State v. Muggins, 39368

Decision Date10 October 1974
Docket NumberNo. 39368,39368
Citation222 N.W.2d 289,192 Neb. 415
PartiesSTATE of Nebraska, Appellee, v. Jerry MUGGINS, Appellant.
CourtNebraska Supreme Court

Syllabus by the Court

1. A sentencing court in prescribing probation may impose any conditions of probation that it is authorized by statute to impose.

2. This court will disturb an order of probation only where it appears from the record that in executing such order the sentencing court imposed a condition or conditions of probation which it was not authorized by statute to impose.

3. A requirement that one convicted of driving while intoxicated attend and complete an 'Alcohol Abuse Course' established under sections 39--669.31 and 39--669.32, R.R.S.1943 (Reissue of 1974), is a valid condition of probation under section 29--2262(2)(e) and (m), R.S.Supp., 1972.
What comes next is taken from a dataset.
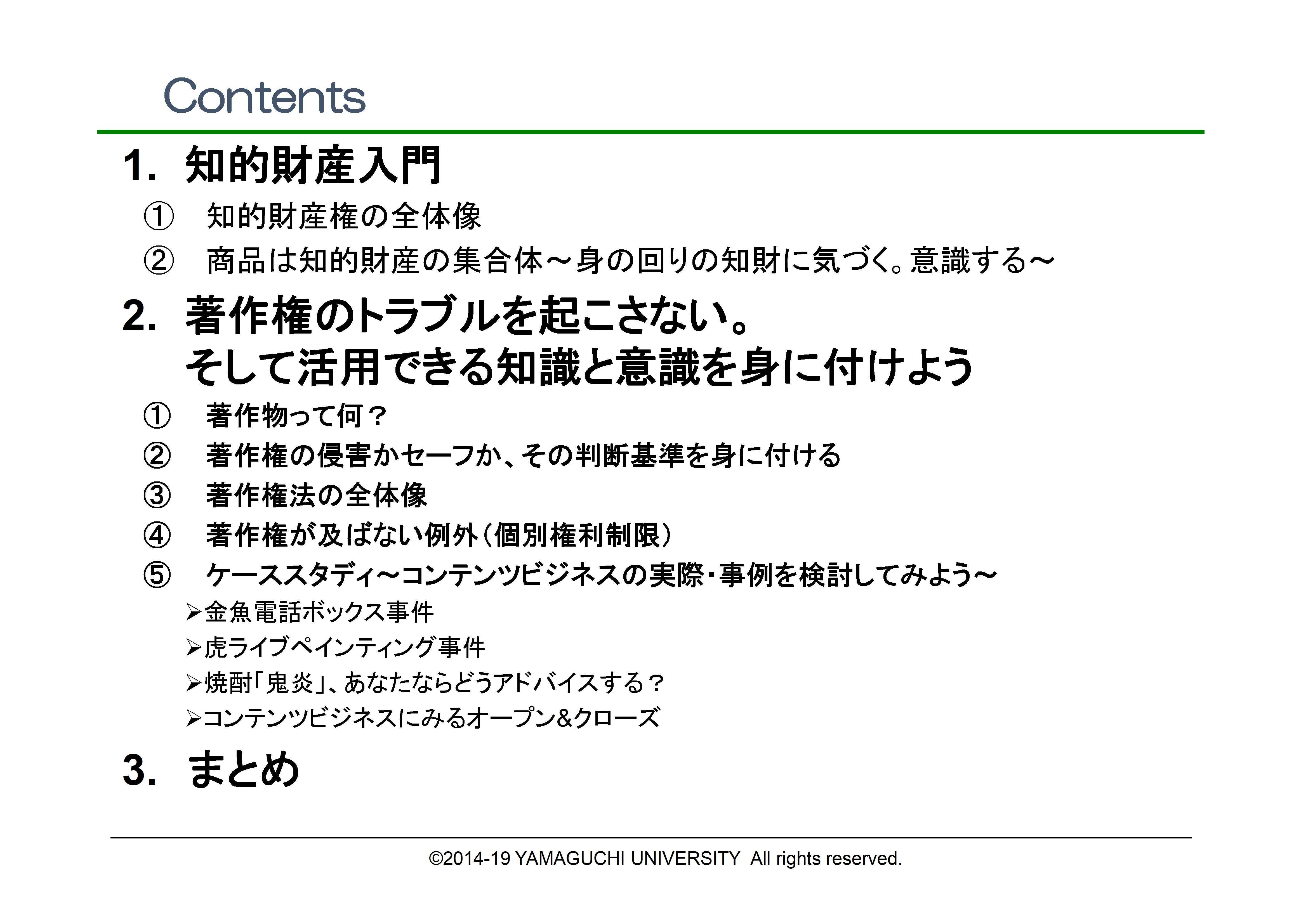 | 申込み・問い合わせ | 【お申込み】 下記の各事項をご記入の上、メールにてお申し込みください。 ・<メール件名> 1/19知財公開授業申込 ・ご所属、氏名、メールアドレス、電話番号 ・参加種別(生徒・教職員・一般) ・申込み先: ip_fdsd*yamaguchi-u.ac.jp(*を半角@に変更してください。) 【お問い合わせ】 山口大学 大学研究推進機構知的財産センター TEL:0836-85-9942 E-Mail:ip_fdsd*yamaguchi-u.ac.jp(*を半角@に変更してください。) |
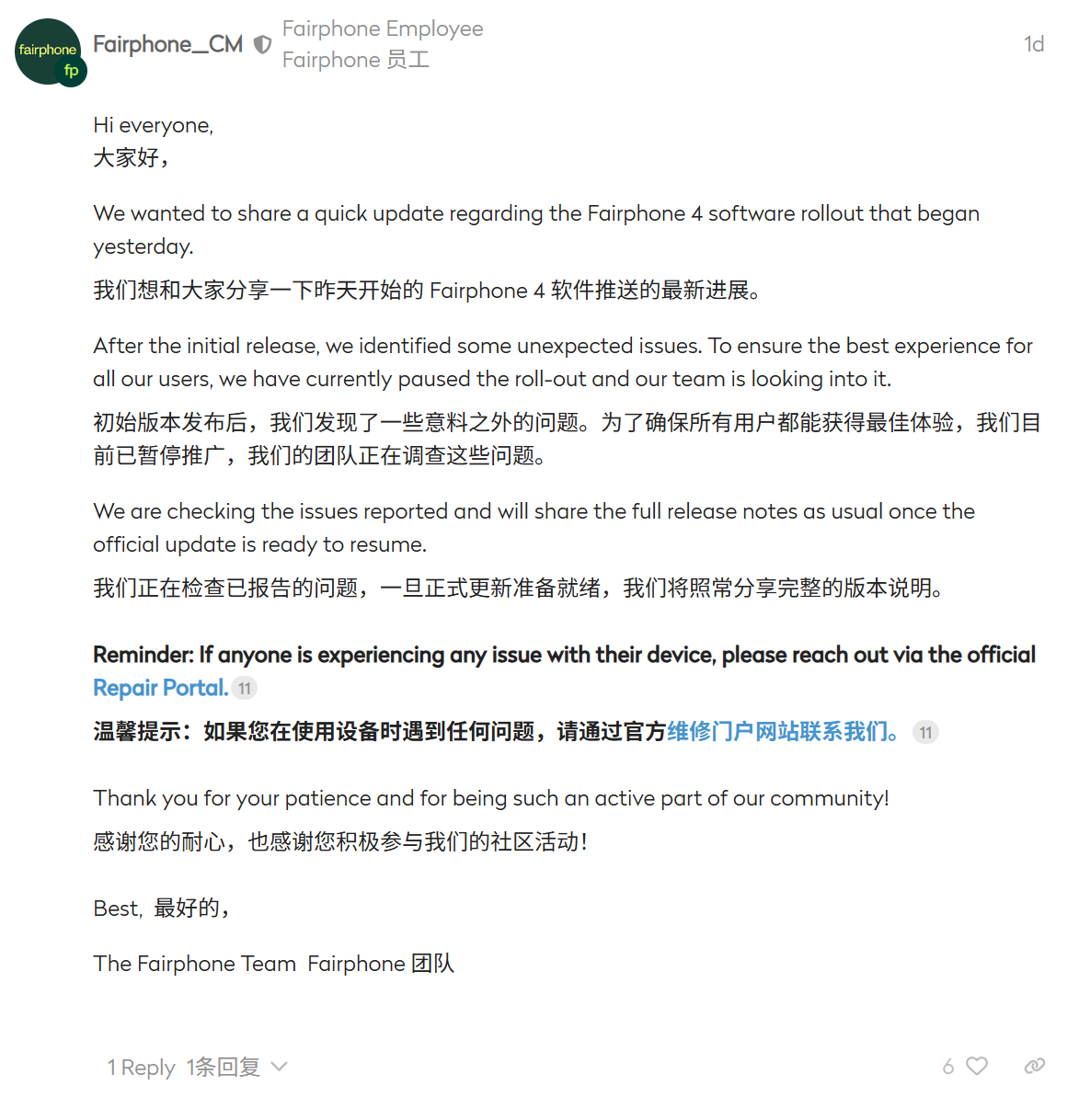 面对涌现的故障报告,Fairphone 迅速做出了反应。官方在社区发布公告,确认在初始发布后发现了“意外问题”。

4. A condition of probation that one convicted of driving while intoxicated pay the fee for an Alcohol Abuse Course is presumptively valid as reasonably related to the rehabilitation of the offender, and will not be disturbed on appeal, absent a showing in the record that the fee charged is unreasonable in amount or unduly onerous to probationer.

Zane M. Pic, Greeley, Colo., for appellant.

Clarence A. H. Meyer, Atty. Gen., Steven C. Smith, Special Asst. Atty. Gen., Lincoln, for appellee.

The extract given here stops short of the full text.